Private-equity and similar funds sometimes invest in portfolio companies that may have significant liabilities under ERISA and the corresponding provisions of the Internal Revenue Code. A lurking question that has persisted is whether, if a fund's ownership interest exceeds certain percentage thresholds, the fund and its portfolio companies are aggregated under the so-called "controlled group" rules as a single employer. The implications can extend to other matters, such as nondiscrimination testing and COBRA responsibility.
For many noncorporate funds, the analysis can turn in part on the critical threshold question of whether a particular investment fund is a "trade or business" for these purposes. If not, it may be the case that aggregation is not required, regardless of the extent of the fund's ownership of its portfolio companies.
This question has attracted some particular attention in recent years, with the release of a Sept. 26, 2007, letter from the PBGC. The PBGC letter holds that the private equity fund there at issue was a "trade or business," and that certain of its subsidiaries were considered, together with the fund, to be a single employer under ERISA.
Arguably, the PBGC had taken a result-oriented approach and, in particular, does not seem to have coordinated in the preparation of the 2007 letter with the experts at the IRS/Treasury as to tax analysis that lies at the very heart of the issue. Nevertheless, as one might expect when a governmental agency speaks, the PBGC letter has caused consternation in the market, despite its arguably dubious reasoning. See generally Oringer, "Investment Funds and ERISA Controlled Groups - Egregious Aggregation?" 35 Pens. & Bens. Rep. (BNA) 1929 (2008); Moulder, "Controlled Group Liability: The Private Equity Fund's Side of the Story," 16 J. of Deferred Comp. 19 (2011).
A recent decision by a Massachusetts federal district court in the case of Sun Capital Partners III v. N.E. Teamsters and Trucking Industry Pension Fund, Civ. Action No. 10-10921-DPW (D. Mass. Oct. 18, 2012), directly addresses the PBGC's 2007 letter. The court decision in the Sun Capital Partners case is an important one, as it is the first one to reject the letter after detailed analysis, and may have extensive ramifications for investment funds and, in particular, private equity funds.
The court addressed, as a threshold matter, whether it should defer to any extent to the PBGC opinion. The Sun Capital Partners decision states: "I find the [PBGC] Appeals Board opinion unpersuasive. First, it misunderstood the law of agency in determining whether the private equity firm in that case was a 'trade or business' for purposes of the statute. Second, it misread Supreme Court precedent [relevant to the 'trade or business' question]."

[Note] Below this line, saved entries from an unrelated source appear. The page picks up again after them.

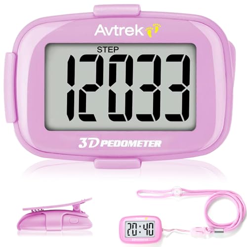 AVTREK 正確な 3D ステップカウンター ウォーキング用 ジャンボスクリーン番号歩数計 クリップオンでランニング用 時間表示と LED バ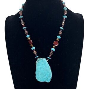 Vintage Glass & Stone Beaded Statement Necklace Womens 9" Multicolor Howlite Stone Pendant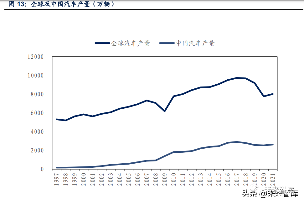 在汽车领域,POE 需求有望借助汽车产销恢复和轻量化趋势而得到恢复和发展。中国汽车 行业轻量化趋势越来越明显,POE 产品在该领域将有广阔的发展前景。据新思界网,POE 应 用至汽车零部件的制造,可以提升相关部件的性能、降低重量,同时还可以节约成本。中 国汽车制造、塑料制造的生产体量较大,但对 POE 应用率仍然较低。目前国外汽车保险杠 领域的共混改性已大部分采用 POE 弹性体,而国内仅有 20%左右的保险杠材料采用 POE 弹 性体。从全球及中国汽车产量来看,芯片问题制约着近几年汽车产业的发展。汽车芯片短缺出现 的原因包括,(1)车企因疫情减少订单后,汽车芯片生产企业将产能挪作他用;(2)车用 半导体大多采用 8 英寸晶圆制造,而近些年主要半导体代工厂着重发力 12 英寸晶圆;(3) 消费电子芯片需求大幅上涨,挤压汽车芯片空间;(4)国际政治、贸易摩擦。国家对芯片 问题越来越重视,“十四五”国家专项规划中纳入 5G、集成电路等领域,随着政策和产业 上的不断攻坚克难,未来芯片短缺问题解决后,汽车产销有望得到恢复,POE 在汽车领域 的需求也有望得到恢复和提升。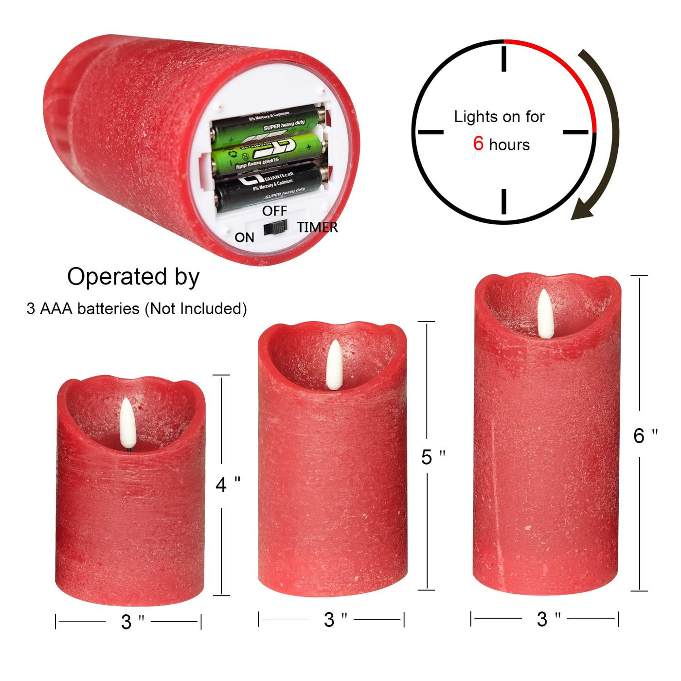 Eldnacele Red Wax Flameless Flickering Candles With 6H Timer, 3D Wick Realistic Battery Operated Pillar Led Candles Set Of 3 For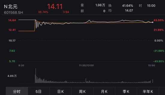 北元集团上市首日开板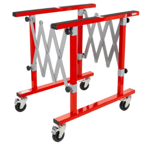 ✅ Regulowaną długością i wysokością dwóch podpór wraz z kołami transportowymi z hamulcem.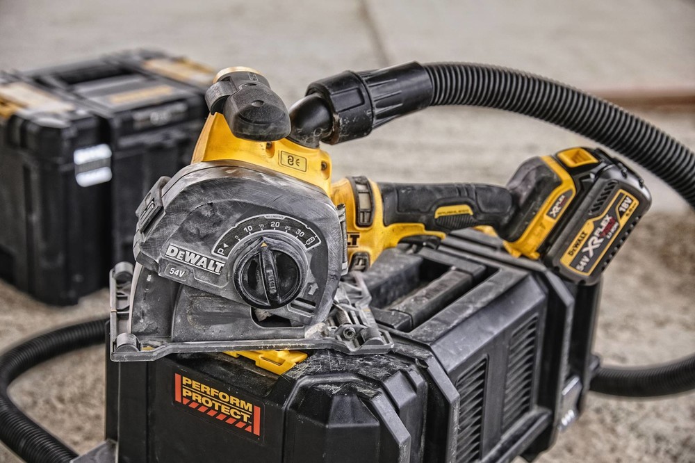 Die ergonomische Form und die gummierten Griffe ermöglichen zusätzlich eine perfekte Maschinenkontrolle und sorgen für ein ermüdungsarmes Arbeiten – alles ohne störende Kabel. Die bürstenlose Mauernutfräse DCG200 kann mit DEWALTs AirLock-System problemlos an Sauger wie bspw. dem 54V Akku-Nass-/Trockensauger (M-Klasse) DCV586MK-XJ angeschlossen werden. Die Ein-Knopf-Kopplung „Wireless tool control ready“ ermöglicht dem Nutzer eine automatische, kabellose Aktivierung dieses Saugers beim Einschalten der Maschine.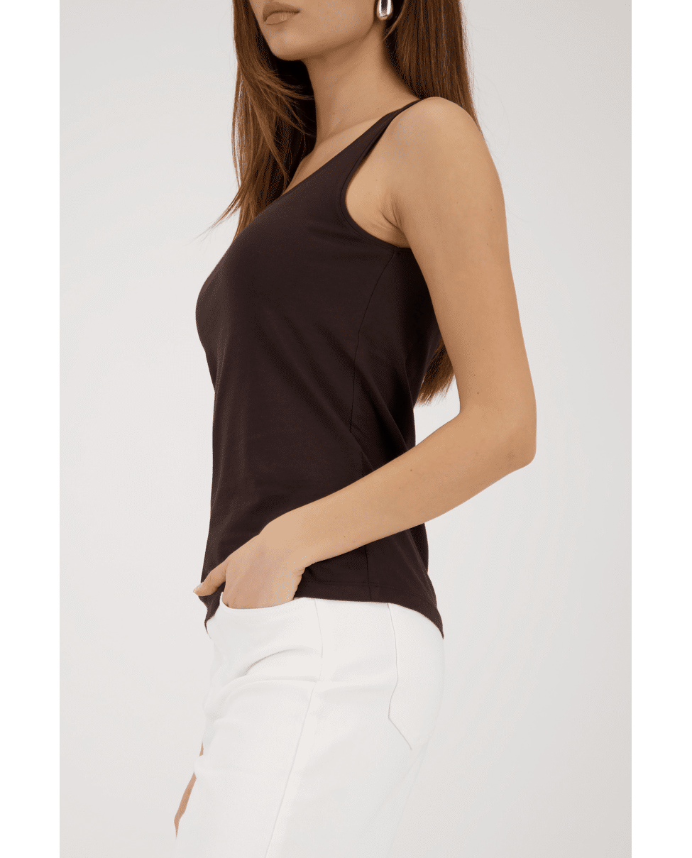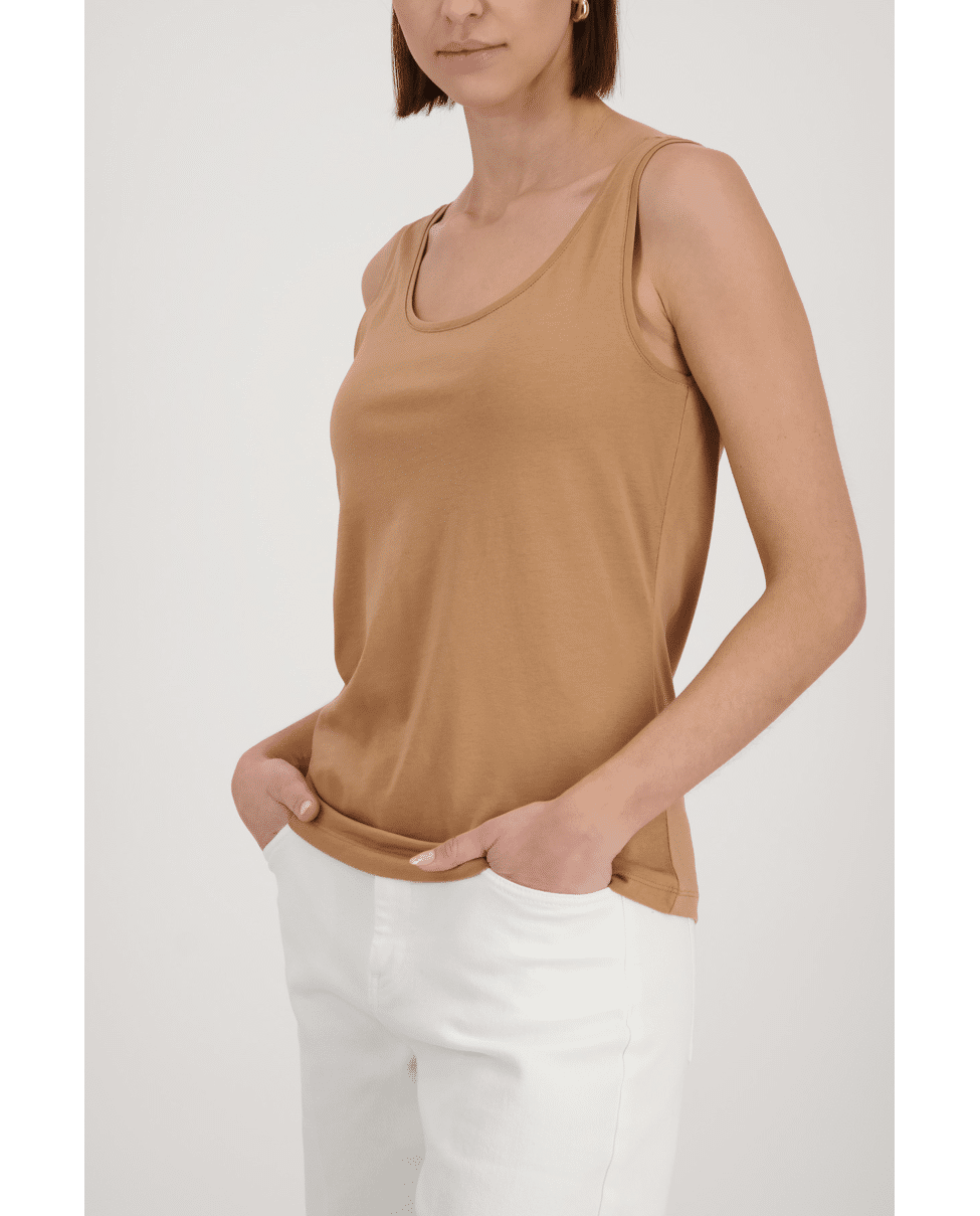 De aansluitende fit en zachte stretch maken dit topje ideaal onder een blouse, blazer of gewoon solo op een warme dag.

Next, the court, "[u]ndistracted by an errant agency decision, . . . turn[ed] . . . to consideration of whether the Sun Funds were engaged in a 'trade or business' under governing law.". As to that critical issue, the court stated: "Even taken in the light most favorable to the Pension Fund, the record establishes that the Sun Funds are not a 'trade or business.' The Sun Funds do not have any employees, own any office space, or make or sell any goods.". After going through further analysis of the Funds' characteristics and activities, the court added: "Because I find that neither of the Sun Funds is a 'trade or business,' I do not reach, nor do I decide, the issue of 'common control.'"
Not only does the Sun Capital Partners decision squarely reject the PBGC letter, but it uses striking language in doing so: "unpersuasive," "it misunderstood the law," "it misread Supreme Court precedent," "an errant agency decision." Maybe, at the end of the day, another decisionmaker will give the PBGC letter more credence. But, at least for now, Sun Capital Partners shows that governmental agencies do not necessarily operate unassailably in an insular bubble. The effect on the market, even of "errant" pronouncements, can be palpable; at a minimum, if there are issues that call for experts in other areas to be consulted, then arguably such consultation should be pursued, notwithstanding that the agency's desired answer may, after due consideration, ultimately be elusive.

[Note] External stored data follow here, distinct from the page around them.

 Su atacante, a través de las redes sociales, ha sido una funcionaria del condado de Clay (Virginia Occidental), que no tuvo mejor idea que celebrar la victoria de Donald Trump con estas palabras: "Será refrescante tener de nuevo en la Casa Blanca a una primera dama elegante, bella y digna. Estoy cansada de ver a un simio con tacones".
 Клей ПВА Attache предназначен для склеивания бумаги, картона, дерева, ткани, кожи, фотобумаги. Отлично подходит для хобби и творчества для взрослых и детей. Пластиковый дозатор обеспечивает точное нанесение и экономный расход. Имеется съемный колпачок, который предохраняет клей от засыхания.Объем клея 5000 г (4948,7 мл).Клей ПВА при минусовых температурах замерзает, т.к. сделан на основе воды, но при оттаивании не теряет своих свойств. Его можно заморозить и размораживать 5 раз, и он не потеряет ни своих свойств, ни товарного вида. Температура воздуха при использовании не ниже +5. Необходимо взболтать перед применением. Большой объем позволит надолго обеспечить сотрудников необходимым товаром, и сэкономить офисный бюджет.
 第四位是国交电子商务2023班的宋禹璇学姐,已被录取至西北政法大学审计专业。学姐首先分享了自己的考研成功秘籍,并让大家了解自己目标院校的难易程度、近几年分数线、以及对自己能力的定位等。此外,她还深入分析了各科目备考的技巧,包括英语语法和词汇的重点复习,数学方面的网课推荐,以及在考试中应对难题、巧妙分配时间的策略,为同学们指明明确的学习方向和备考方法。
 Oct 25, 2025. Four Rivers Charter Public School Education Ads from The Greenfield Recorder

The court's carefully reasoned decision in the Sun Capital Partners case is a welcome addition to the authority regarding the question of whether investment funds may be aggregated with their portfolio companies for purposes of the controlled-group rules. While the final words on the matter may well not yet have been written, Sun Capital Partners may at a minimum cause the PBGC's 2007 letter to be viewed by the market with an increasingly jaundiced eye.